## What is being asked
Quote the whole listing exactly. Leave the pictures out of your copy.

((

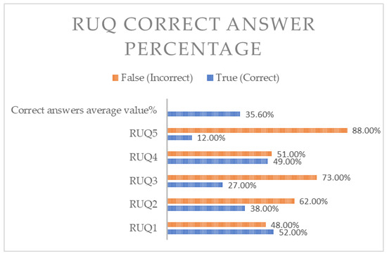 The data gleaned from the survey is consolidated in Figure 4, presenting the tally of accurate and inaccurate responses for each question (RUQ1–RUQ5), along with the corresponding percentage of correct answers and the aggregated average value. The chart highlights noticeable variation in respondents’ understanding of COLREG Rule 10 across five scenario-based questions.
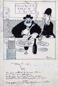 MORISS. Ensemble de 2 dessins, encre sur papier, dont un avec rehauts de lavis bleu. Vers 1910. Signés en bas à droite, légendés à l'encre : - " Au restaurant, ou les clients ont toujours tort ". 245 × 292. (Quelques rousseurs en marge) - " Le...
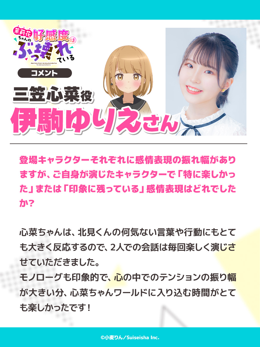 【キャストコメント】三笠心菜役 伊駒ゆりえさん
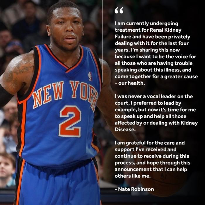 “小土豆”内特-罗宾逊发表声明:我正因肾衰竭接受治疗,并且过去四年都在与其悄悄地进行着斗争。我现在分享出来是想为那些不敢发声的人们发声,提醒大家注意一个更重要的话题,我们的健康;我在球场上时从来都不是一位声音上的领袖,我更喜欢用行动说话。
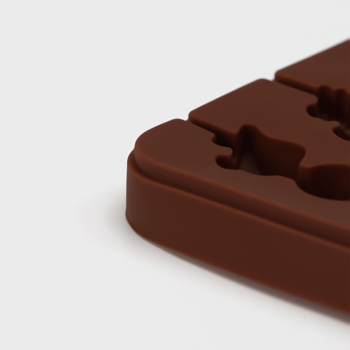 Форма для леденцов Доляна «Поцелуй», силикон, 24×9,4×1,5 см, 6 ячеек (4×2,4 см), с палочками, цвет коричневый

))

## Result for this exercise
 The data gleaned from the survey is consolidated in Figure 4, presenting the tally of accurate and inaccurate responses for each question (RUQ1–RUQ5), along with the corresponding percentage of correct answers and the aggregated average value. The chart highlights noticeable variation in respondents’ understanding of COLREG Rule 10 across five scenario-based questions.
 MORISS. Ensemble de 2 dessins, encre sur papier, dont un avec rehauts de lavis bleu. Vers 1910. Signés en bas à droite, légendés à l'encre : - " Au restaurant, ou les clients ont toujours tort ". 245 × 292. (Quelques rousseurs en marge) - " Le...
 【キャストコメント】三笠心菜役 伊駒ゆりえさん
 “小土豆”内特-罗宾逊发表声明:我正因肾衰竭接受治疗,并且过去四年都在与其悄悄地进行着斗争。我现在分享出来是想为那些不敢发声的人们发声,提醒大家注意一个更重要的话题,我们的健康;我在球场上时从来都不是一位声音上的领袖,我更喜欢用行动说话。
 Форма для леденцов Доляна «Поцелуй», силикон, 24×9,4×1,5 см, 6 ячеек (4×2,4 см), с палочками, цвет коричневый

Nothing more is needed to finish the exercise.